Sofa U Love
While consumers typically like to purchase furniture in person, they are warming up to purchasing furniture online as furniture sales made up 12% of overall retail e-commerce sales in the United States in 2019.
Roles: UX researcher, UI/UX designer
Duration: 2 week sprint
Tools: Sketch, Google Suite, Post-its, Index Cards, Pen and Paper
The Challenge
Sofa U Love is a local furniture store with several locations operating in the Los Angeles area since 1971. While Sofa U Love offers a wide selection of quality furniture, its e-commerce website is challenging to navigate, lacks an efficient product search process and has an unconventional checkout process.
The Solution
Simplify and reorganize the website’s information architecture to create an effective and familiar product search process, and redesign the purchase flow to eliminate any points of friction and difficulty.
The Process
RESEARCH & DISCOVER
I first began my research by conducting a heuristic evaluation of the existing Sofa U Love website to identify key usability issues. Most of the violations resided within the search and purchasing processes, affecting efficiency and learnability for a user.

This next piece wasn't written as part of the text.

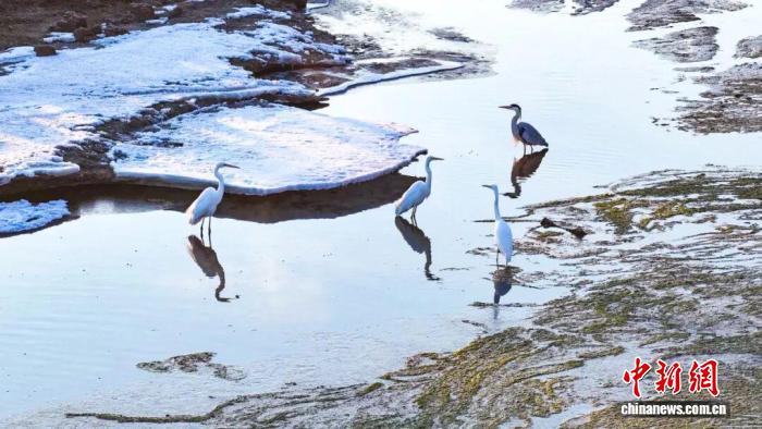 春日的湿地生机盎然,回归的候鸟成群结队,在浅滩上悠闲觅食,在水面上追逐嬉戏。它们时而展翅低飞、划过水面,时而梳理羽毛、在水中漫步。远山覆着残冰,粼粼春水漾着波纹,飞鸟翩跹其间,构成了一幅幅和谐秀美的生态美景画卷。

No consistent search bar placement: Efficiency
No consistent behavior when adding items to cart: Learnability
Shopping cart fixed at the top after adding items: Learnability
Too much information to enter in at once at checkout: Efficiency
Once I had a basic understanding of which areas of improvement to focus on, I familiarized myself with what direct competitors and aspirational competitors were offering in the online furniture shopping space. By doing a competitive & comparative analysis, I was able to hone in on which shopping features were missing from the Sofa U Love website.
I conducted 5 user interviews and task analyses to understand a user’s pain points with the site and gained further insight on what their expectations were from previous online furniture shopping experiences.
After the interview process, I synthesized the data and defined behavioral patterns through affinity mapping.
From that, I was able to distill the following key points and potential solutions:
1. Users had difficulty in browsing and narrowing down their product searches due to the repetitive and misleading categories and subcategories → this could be alleviated with better filter features and having a consistent search bar experience throughout the website
2. Users have a hard time visualizing what the piece of furniture would look like in their homes → having different product views would help alleviate that
3. Users did not know what colors or fabric choices were available for each product → clarify product descriptions
4. Users were not confident in what they chose → adding in customer reviews would add another layer of trust and validation
Meet Fran
To inject more empathy within the design process and focus my design decisions, I created a persona that was a representation of the research that I did and combined all of the user insights, needs and frustrations.
Keeping Fran in mind, I created a journey map to document her shopping and purchasing experience with the Sofa U Love website. This mirrored the current pain points discovered from my research.
After getting a better understanding of where pain points are located throughout Fran’s journey, I revisited the list of features to add from the C&C analysis and created a feature prioritization chart that would address the key issues that currently troubled users.
One of biggest pain points was the nestled subcategories and finding specific products on the website. To better understand how to untangle all of this, I created an existing site map to see what the current information architecture looked like.
Afterwards, I conducted 6 closed card sorts, writing existing major item groups on index cards and had users organize them underneath the categories I created on post-its. This exercise allowed me to not only confirm that the categories I selected made sense, but it also highlighted what users were expecting to see within a global navigation.
From that, I redesigned the site map and made sure to include best sellers within each sub-category so that new users to the site, like Fran, could see which items were popular.
Another big paint point was within the checkout flow where users could potentially receive an error without a clear resolution and exit the site. To alleviate this, I redesigned the user flow to break down the checkout process and minimize information overload.
IDEATE & DESIGN
Now that I redefined the user’s problems and expectations, I utilized the new site map, ideas from the competitive & comparative analysis and info from user interviews to sketch out low-fidelity wireframes of the redesigned site.
Test & Iterate
I conducted 3 usability tests with a paper prototype to receive user feedback in a timely and low-cost manner. With minor changes, I moved forward with designing medium-fidelity wireframes in Sketch and prototyping with InVision.
Medium Fidelity
With the clickable prototype, I conducted 10 usability tests and tweaked the design with each test. Most notably, I refined the order process flow to include an order summary within each step of the cart and broke down the payment process further.
Next Steps
Products will need to be tagged on a metadata level in order to start building the filtering features for color, material, size, price and style
Include “related items” section and “similar items” section to help with up-selling
Start collecting user photos and user reviews to build up credibility
Look into offering more shipping options
Measure website traffic, exit points and times after website redesign
Reflection
Through conducting multiple usability tests, I learned how to differentiate between a user’s opinion and an actual usability issue in order to decide which iterations to make for further testing.
I also learned about e-commerce design patterns and the importance of maintaining these patterns to facilitate usability on a new site.